Using the records below, copy exactly the part that opens with the line holding "Sterling silver sunflowers" and closes with the line holding "4-й п.: накид, 3", minus the pictures.

▶ **Recorded information**:
· · · ·
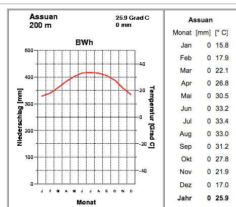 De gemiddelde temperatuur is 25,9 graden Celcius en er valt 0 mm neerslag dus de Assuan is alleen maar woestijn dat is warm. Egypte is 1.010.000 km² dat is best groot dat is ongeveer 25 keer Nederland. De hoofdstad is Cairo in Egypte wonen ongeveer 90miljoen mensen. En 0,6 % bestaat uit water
· · · ·
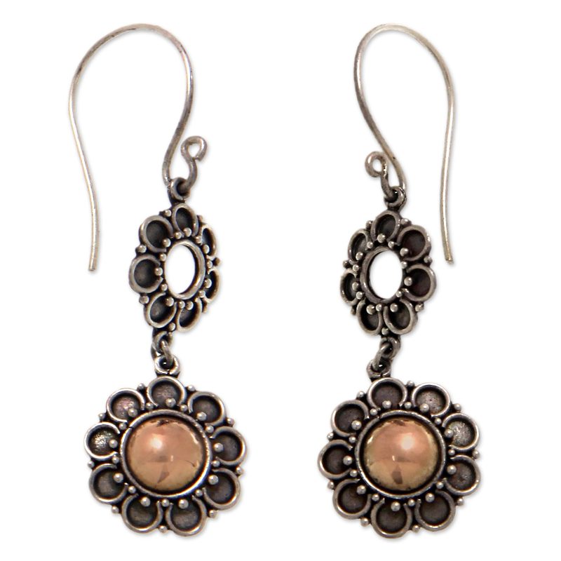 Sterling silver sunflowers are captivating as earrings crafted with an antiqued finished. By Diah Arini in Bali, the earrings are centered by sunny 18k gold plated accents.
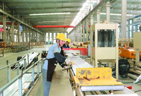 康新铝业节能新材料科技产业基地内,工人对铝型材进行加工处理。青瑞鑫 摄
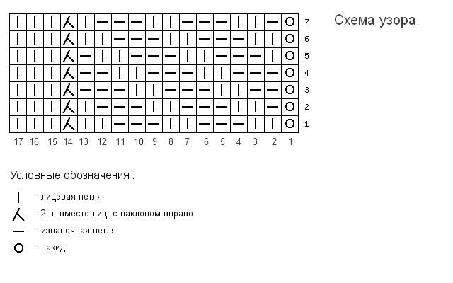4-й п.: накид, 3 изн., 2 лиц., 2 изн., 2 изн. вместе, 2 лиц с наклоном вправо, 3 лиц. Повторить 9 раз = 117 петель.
· · · ·
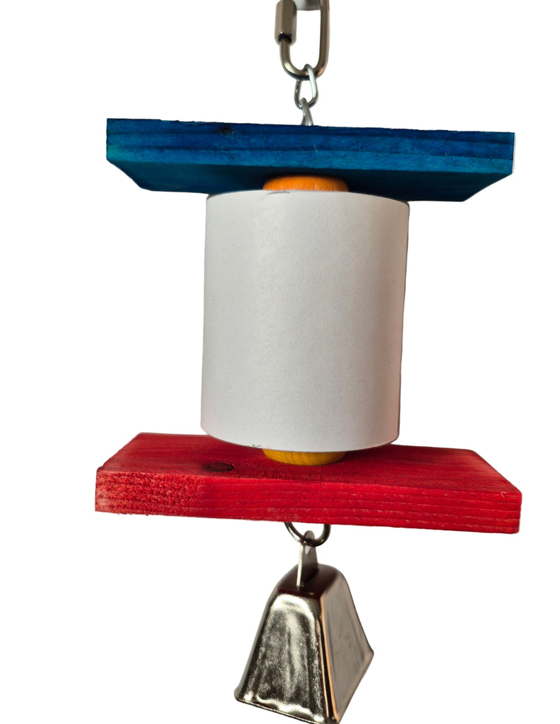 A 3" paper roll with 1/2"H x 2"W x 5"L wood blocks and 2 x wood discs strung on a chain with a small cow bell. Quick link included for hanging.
· · · ·
▶ **Written response**:
 Sterling silver sunflowers are captivating as earrings crafted with an antiqued finished. By Diah Arini in Bali, the earrings are centered by sunny 18k gold plated accents.
 康新铝业节能新材料科技产业基地内,工人对铝型材进行加工处理。青瑞鑫 摄
4-й п.: накид, 3 изн., 2 лиц., 2 изн., 2 изн. вместе, 2 лиц с наклоном вправо, 3 лиц. Повторить 9 раз = 117 петель.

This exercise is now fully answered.